§ WHAT TO WORK ON:
Only the stretch below from the line holding "The Gallito Inglés" through the line holding "I decided to throw" should be restated, word for word and with both ends included; pictures stay out.

§ RAW DATA:
┄┄┄┄┄┄┄┄┄┄┄┄┄┄┄┄┄┄┄┄

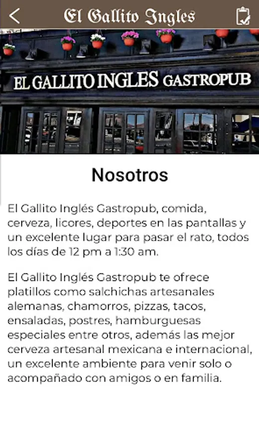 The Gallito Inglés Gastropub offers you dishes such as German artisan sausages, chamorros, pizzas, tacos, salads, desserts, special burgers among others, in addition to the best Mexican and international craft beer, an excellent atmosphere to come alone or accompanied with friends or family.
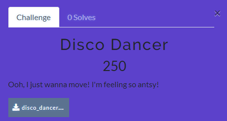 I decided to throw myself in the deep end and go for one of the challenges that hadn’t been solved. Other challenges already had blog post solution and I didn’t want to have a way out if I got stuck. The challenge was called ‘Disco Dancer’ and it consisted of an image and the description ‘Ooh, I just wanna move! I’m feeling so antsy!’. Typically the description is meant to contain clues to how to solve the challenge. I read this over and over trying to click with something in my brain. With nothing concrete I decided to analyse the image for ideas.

┄┄┄┄┄┄┄┄┄┄┄┄┄┄┄┄┄┄┄┄

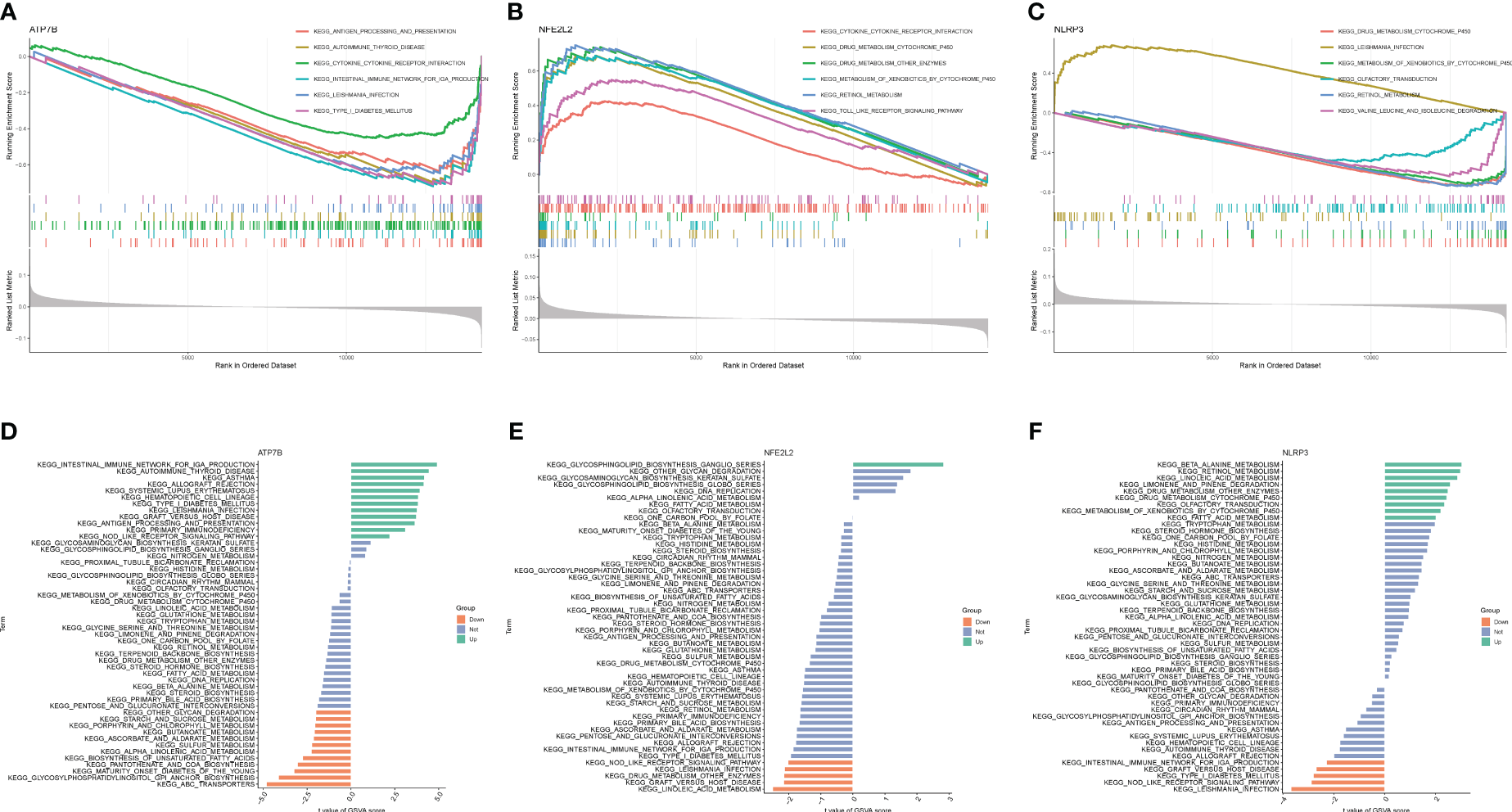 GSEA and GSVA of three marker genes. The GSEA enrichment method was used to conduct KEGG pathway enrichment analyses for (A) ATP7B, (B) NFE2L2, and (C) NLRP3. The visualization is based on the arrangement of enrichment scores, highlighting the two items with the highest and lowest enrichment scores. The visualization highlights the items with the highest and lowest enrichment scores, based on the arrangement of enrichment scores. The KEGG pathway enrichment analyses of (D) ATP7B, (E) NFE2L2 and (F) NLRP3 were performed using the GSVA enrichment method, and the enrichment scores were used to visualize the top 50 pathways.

┄┄┄┄┄┄┄┄┄┄┄┄┄┄┄┄┄┄┄┄

§ COMPLETED TASK:
 The Gallito Inglés Gastropub offers you dishes such as German artisan sausages, chamorros, pizzas, tacos, salads, desserts, special burgers among others, in addition to the best Mexican and international craft beer, an excellent atmosphere to come alone or accompanied with friends or family.
 I decided to throw myself in the deep end and go for one of the challenges that hadn’t been solved. Other challenges already had blog post solution and I didn’t want to have a way out if I got stuck. The challenge was called ‘Disco Dancer’ and it consisted of an image and the description ‘Ooh, I just wanna move! I’m feeling so antsy!’. Typically the description is meant to contain clues to how to solve the challenge. I read this over and over trying to click with something in my brain. With nothing concrete I decided to analyse the image for ideas.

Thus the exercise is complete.